• _Problem statement_
The full listing should be written out verbatim, and its images should be dropped.

• _Source data_
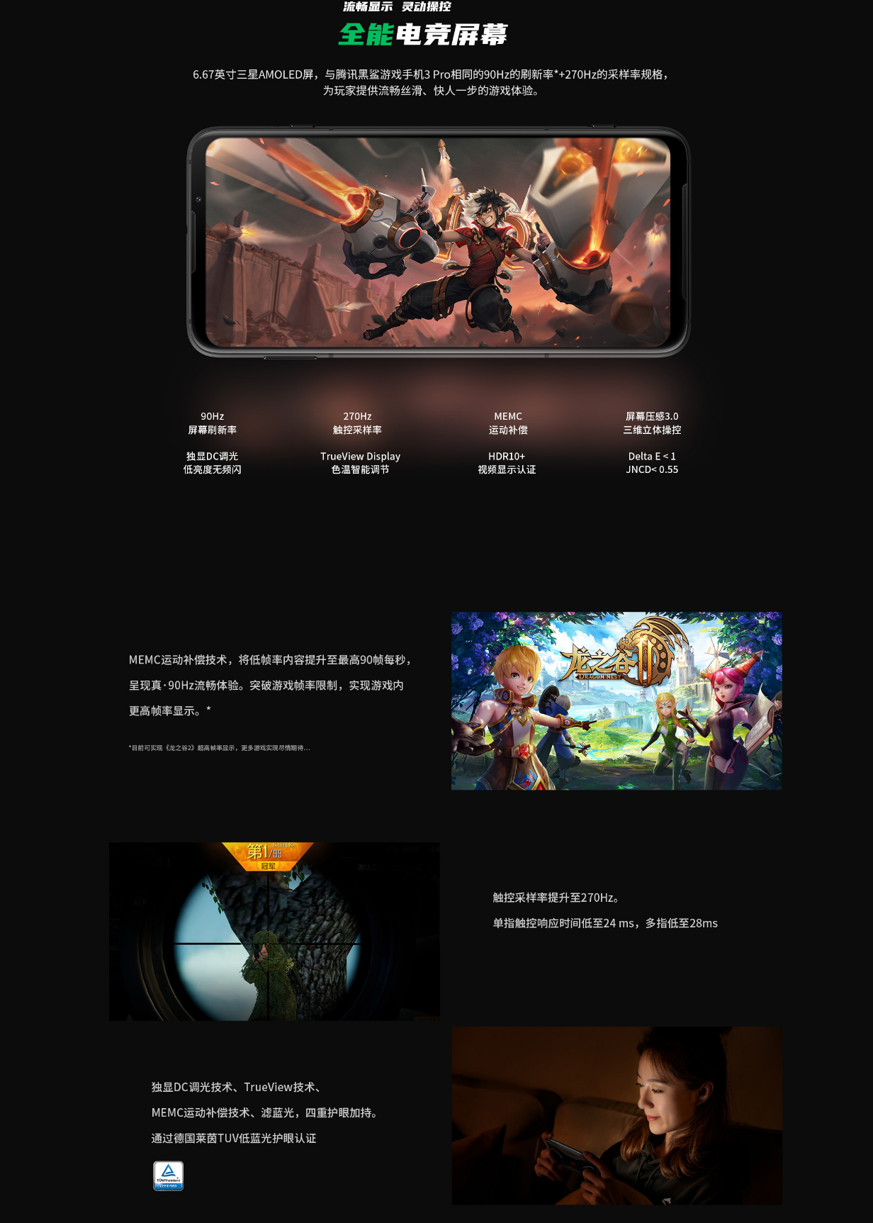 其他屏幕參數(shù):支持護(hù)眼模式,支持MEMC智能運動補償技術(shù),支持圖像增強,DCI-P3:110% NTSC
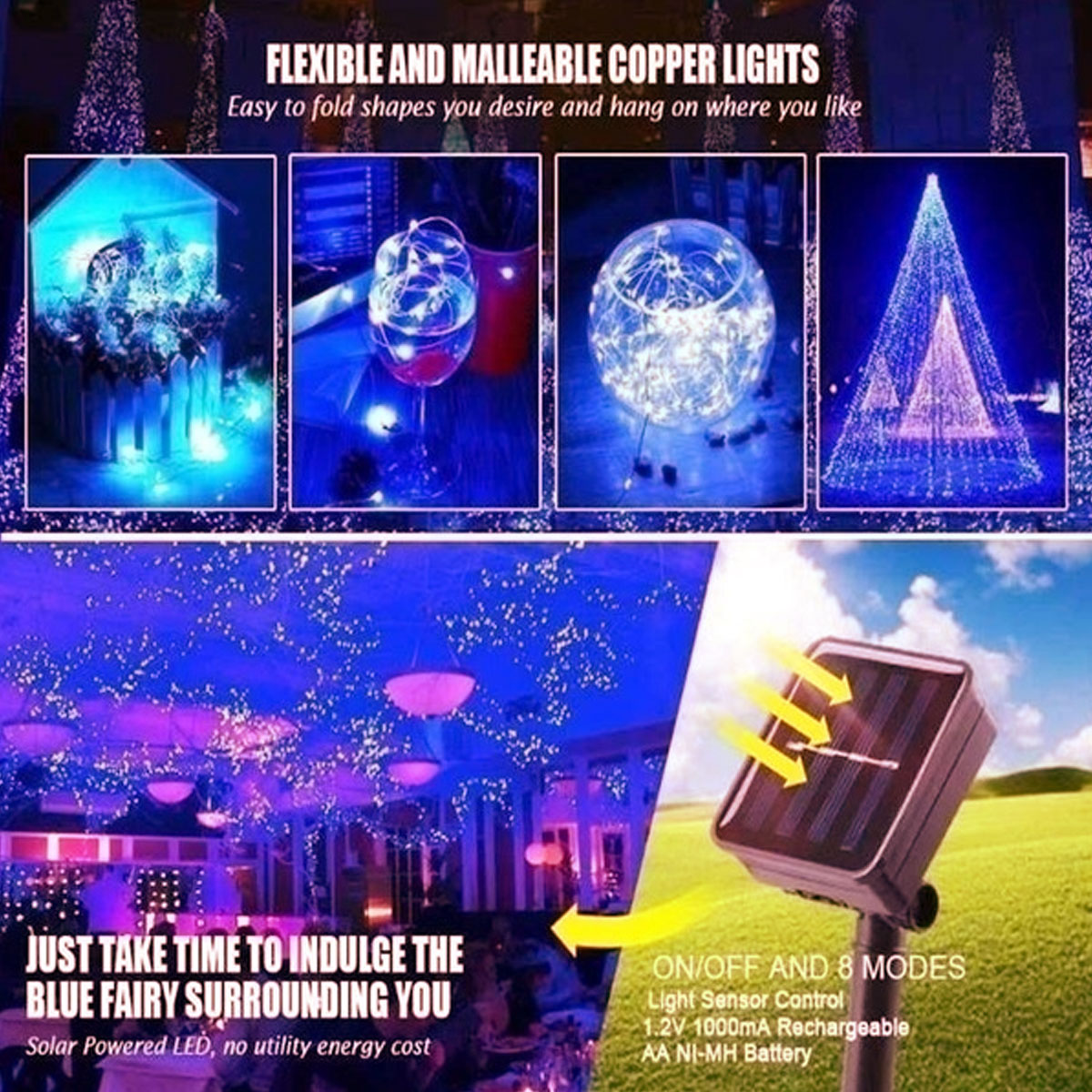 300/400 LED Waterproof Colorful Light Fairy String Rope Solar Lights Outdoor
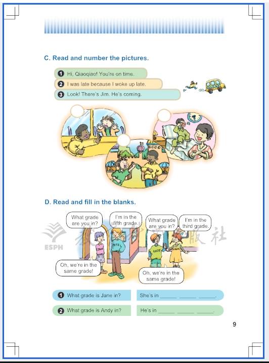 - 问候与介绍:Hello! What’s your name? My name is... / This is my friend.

• _Solution to this task_
 其他屏幕參數(shù):支持護(hù)眼模式,支持MEMC智能運動補償技術(shù),支持圖像增強,DCI-P3:110% NTSC
 300/400 LED Waterproof Colorful Light Fairy String Rope Solar Lights Outdoor
 - 问候与介绍:Hello! What’s your name? My name is... / This is my friend.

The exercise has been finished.